Task statement:
Please give back the listing below word for word and drop any images.

Data segment:
········

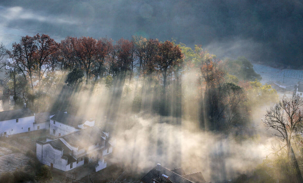 【對沖】婺源小石城,村里百余棵紅楓高聳林立,與白墻黛瓦的徽派院落交相輝映,深秋時節(jié)最是一年好景致。
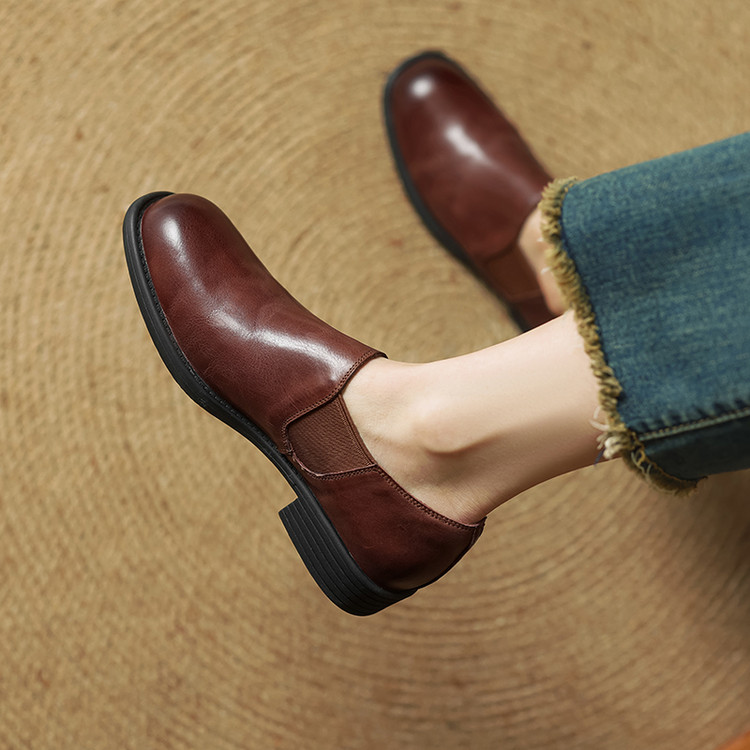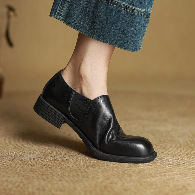 粗跟橡胶胶粘工艺头层猪皮单鞋深口单鞋
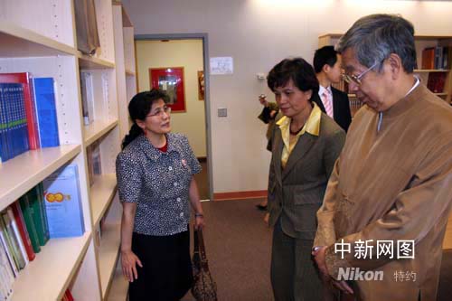 許嘉璐、許琳等參觀埃德蒙頓孔子學(xué)院教學(xué)樓。中新社記者呂振亞攝

········

Solution to this exercise:
 【對沖】婺源小石城,村里百余棵紅楓高聳林立,與白墻黛瓦的徽派院落交相輝映,深秋時節(jié)最是一年好景致。
 粗跟橡胶胶粘工艺头层猪皮单鞋深口单鞋
 許嘉璐、許琳等參觀埃德蒙頓孔子學(xué)院教學(xué)樓。中新社記者呂振亞攝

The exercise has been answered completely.